We have a Chi-Square Statistic of 1.94 and a p-value of 0.16. The critical value for our specified Acceptance Criteria of 0.05 is 3.84.

Note: The Chi-Square Test is run with the correction parameter set to False. This denotes the application of the Yates Correction when your Degrees of Freedom are equal to 1. In this situation, the correction helps to avoid overestimating statistical significance.



Analysing The Results

With a p-value of 0.16 exceeding the 0.05 acceptance criteria, we retain the Null Hypothesis and conclude that there is no significant difference between the signup rates of Mailer 1 and Mailer 2.

The Chi-Square statistic of 1.94 also fell below the 3.84 critical value, leading to the same conclusion.

To make this script more dynamic, we can create code to automatically interpret the results and explain the outcome:

# print the results (based on p-value)
if p_value <= acceptance_criteria:
    print(f"As our p-value of {p_value} is lower than our acceptance_criteria of {acceptance_criteria} - we reject the null hypothesis, and conclude that: {alternate_hypothesis}")
else:
    print(f"As our p-value of {p_value} is higher than our acceptance_criteria of {acceptance_criteria} - we retain the null hypothesis, and conclude that: {null_hypothesis}")

>> As our p-value of 0.16351 is higher than our acceptance_criteria of 0.05 - we retain the null hypothesis, and conclude that: "No relationship between mailer type and signup rate. They are independent."


# print the results (based on chi-square statistic)
if chi2_statistic >= critical_value:
    print(f"As our chi-square statistic of {chi2_statistic} is higher than our critical value of {critical_value} - we reject the null hypothesis, and conclude that: {alternate_hypothesis}")
else:
    print(f"As our chi-square statistic of {chi2_statistic} is lower than our critical value of {critical_value} - we retain the null hypothesis, and conclude that: {null_hypothesis}")
    
>> As our chi-square statistic of 1.9414 is lower than our critical value of 3.841458820694124 - we retain the null hypothesis, and conclude that: "No relationship between mailer type and signup rate. They are independent."

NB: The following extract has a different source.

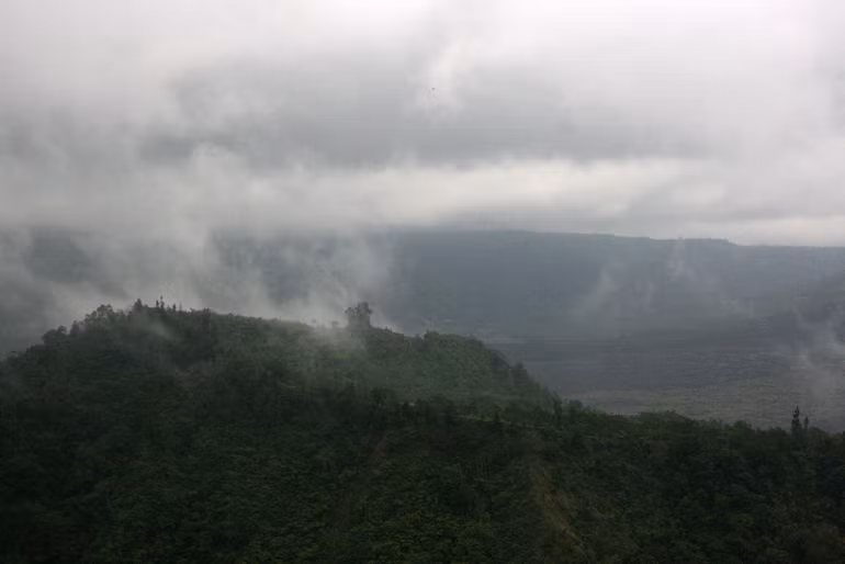 Sườn núi vẫn còn màu đen thẫm của tro than.
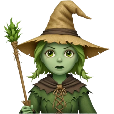 Scarecrow, Torn clothes, stitched mouth, glowing eyes, crow perched on shoulder. emoji

As we can see from the outputs of these print statements, although Mailer 2 had a higher observed rate, we do not have evidence of a statistically significant difference between the mailers based on this test.



Discussion

The client may have concluded higher cost mailers perform better, but our results found the difference was not statistically significant. Making decisions based solely on observed rates could lead to overspending without improving results.

Additional A/B testing over time may reveal more conclusive insights into mailer performance differences. For now, we cannot confirm a significant difference exists.